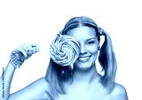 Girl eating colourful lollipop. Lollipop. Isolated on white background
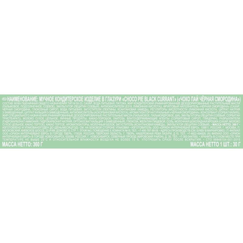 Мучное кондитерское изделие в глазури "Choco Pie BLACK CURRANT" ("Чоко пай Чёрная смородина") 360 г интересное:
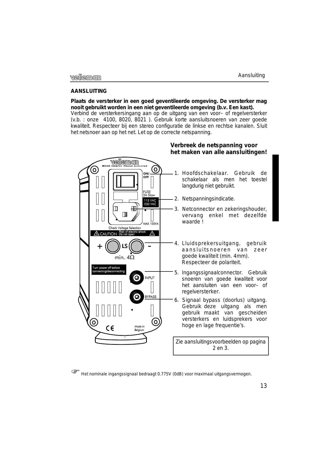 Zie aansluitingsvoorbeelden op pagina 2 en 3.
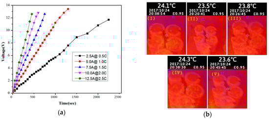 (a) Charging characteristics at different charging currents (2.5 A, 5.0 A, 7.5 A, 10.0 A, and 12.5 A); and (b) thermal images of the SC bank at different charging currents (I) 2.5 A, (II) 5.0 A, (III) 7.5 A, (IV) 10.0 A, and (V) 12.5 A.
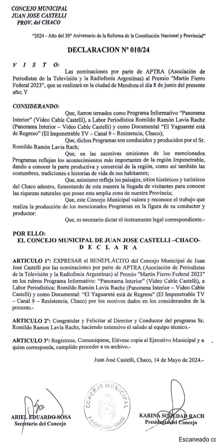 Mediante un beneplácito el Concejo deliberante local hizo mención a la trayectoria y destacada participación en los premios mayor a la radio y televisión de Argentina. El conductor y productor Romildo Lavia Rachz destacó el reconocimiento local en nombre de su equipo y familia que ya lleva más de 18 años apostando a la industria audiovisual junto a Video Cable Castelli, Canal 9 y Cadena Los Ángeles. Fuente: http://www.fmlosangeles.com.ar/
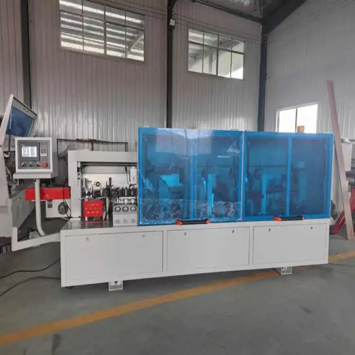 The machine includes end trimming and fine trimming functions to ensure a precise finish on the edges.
======
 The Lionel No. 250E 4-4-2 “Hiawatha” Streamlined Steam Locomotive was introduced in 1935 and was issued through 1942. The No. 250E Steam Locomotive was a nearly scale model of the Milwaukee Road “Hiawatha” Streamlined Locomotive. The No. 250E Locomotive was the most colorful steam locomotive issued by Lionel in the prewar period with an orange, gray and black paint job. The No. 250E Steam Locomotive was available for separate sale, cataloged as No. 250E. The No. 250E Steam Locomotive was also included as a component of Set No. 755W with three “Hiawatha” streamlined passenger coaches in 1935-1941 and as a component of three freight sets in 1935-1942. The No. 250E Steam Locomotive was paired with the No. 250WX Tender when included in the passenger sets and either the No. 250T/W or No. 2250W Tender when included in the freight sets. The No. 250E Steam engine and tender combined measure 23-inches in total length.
======
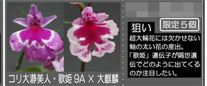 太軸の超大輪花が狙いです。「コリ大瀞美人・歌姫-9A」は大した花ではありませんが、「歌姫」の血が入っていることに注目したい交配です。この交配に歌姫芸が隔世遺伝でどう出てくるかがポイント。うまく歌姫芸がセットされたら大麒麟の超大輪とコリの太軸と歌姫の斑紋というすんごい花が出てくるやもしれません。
======
Write out exactly the run of lines above that starts at the line containing "Zie aansluitingsvoorbeelden op" and ends at the line containing "(a) Charging characteristics". Include both, and leave the pictures out.

Answer space:
 Zie aansluitingsvoorbeelden op pagina 2 en 3.
 (a) Charging characteristics at different charging currents (2.5 A, 5.0 A, 7.5 A, 10.0 A, and 12.5 A); and (b) thermal images of the SC bank at different charging currents (I) 2.5 A, (II) 5.0 A, (III) 7.5 A, (IV) 10.0 A, and (V) 12.5 A.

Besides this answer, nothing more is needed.